By the method for storing helium in the underground salt cavern on a large scale, the low price purchase and high price sale of helium are properly carried out under the action of the domestic and foreign economic environment and the market environment, so that the long-term safe operation of a helium storage warehouse is maintained, and self-negative profit and loss or profit and harvest are realized.

The above-described embodiments are merely exemplary, and it should be understood by those skilled in the art that the methods and systems described herein are not limited to the examples described in the detailed description. Other embodiments will occur to those skilled in the art from consideration of the specification of the invention, which is also within the scope of the invention as claimed.

Claims (8)

1. A method for large-scale helium storage in an underground salt cavern, which is characterized by comprising the following steps:

mixing helium with natural gas to form a mixed gas;

and injecting the mixed gas into an underground salt cavern for storage.

2. The method of mass helium storage in a salt cavern of claim 1, wherein the volume ratio of helium to natural gas in the gas mixture is 5%.

3. The method of mass helium storage in an underground salt cavern of claim 1, wherein said mixing helium with natural gas comprises:

delivering the helium and the natural gas to a gas mixing vessel, respectively;

determining the concentration of helium and the concentration of other gases than helium in the gas mixing vessel;

and respectively adjusting the flow rates of helium and natural gas which are delivered to the gas mixing container according to the determined concentration of helium in the gas mixing container and the determined concentration of other gases except helium.

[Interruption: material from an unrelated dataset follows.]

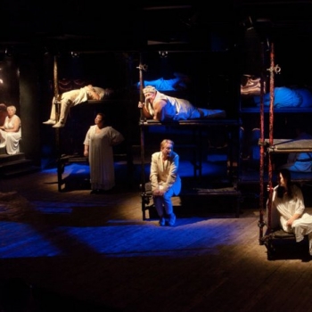 Знаменитая горьковская «Матрица» — жизнь без купюр — такая, какая есть. Спектакль, вскрывающий Человеческое в человеке. На ослеплено черной сцене – многоэтажные нары, как конструкция мира, невидимая этому миру. Для чего люди опускаются на дно? Утонули они или прячутся от чего-то? Этот спектакль – художественные весы для души. Сколько же она весит, если стольких тянет на дно?!
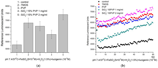 At pH 7.4/37 °C (physiological), the kinetic curves showed a gradual increase in the signal over time, indicating the generation of ROS in both the control and test reactions. The control reaction had the lowest signal, with a maximum of around 5300 RLU. In all other cases, the recorded signal was higher than the control, indicating the stimulated generation of ·OH and ·OOH radicals for the newly synthesized material and its precursors. The observed effects were as follows: TMOS—29%, PVP—25%, SiO2/15PVP (1 mg/mL)—14%, and SiO2/15PVP (2 mg/mL)—40%. These results demonstrate a significant, nearly threefold increase in the effect of the newly synthesized material at low, borderline application concentrations—2 in comparison to 1 mg/mL. The newly synthesized SiO2/15PVP compound showed a significant pro-oxidant effect that persists over time. In comparison, our earlier results, described in [8], showed a similar prooxidant effect for the SiO2/20PVP material in the same reaction and conditions at a significantly higher final concentration (25 mg/mL). The differences in the control reaction signal are due to the extreme sensitivity of the method, which is why controls are prepared for each evaluation.

4. A method of mass helium storage in an underground salt cavern as set forth in claim 3, further comprising:

a gas pressure disturbance is generated in the gas mixing vessel to substantially fuse the gas in the gas mixing vessel.

5. The method of mass helium storage in an underground salt cavern of claim 1, further comprising:

determining the pressure of the gas mixture injected into the underground salt cavern;

and adjusting the flow rate of the gas mixture injected into the underground salt cavern according to the pressure of the compressed gas mixture injected into the underground salt cavern.

6. The method of mass helium storage in an underground salt cavern of claim 1, further comprising:

detecting the air pressure in the cavity of the underground salt cavern in the storage process of the mixed gas;

determining whether the air pressure in the cavity of the underground salt cavern is within a specified air pressure range;

and when the air pressure in the cavity of the underground salt cavern is not in the specified air pressure range, adjusting the air pressure in the cavity of the underground salt cavern.

7. The method of mass helium storage in an underground salt cavern of claim 1, further comprising, after injecting the mixture into the underground salt cavern for storage:

injecting and extracting the mixed gas stored in the underground salt cavern;

helium is separated from the gas mixture produced by injection.

8. The method of mass helium storage in an underground salt cavern of claim 1, comprising, prior to said mixing helium with natural gas:

converting the prepared liquid helium into the helium.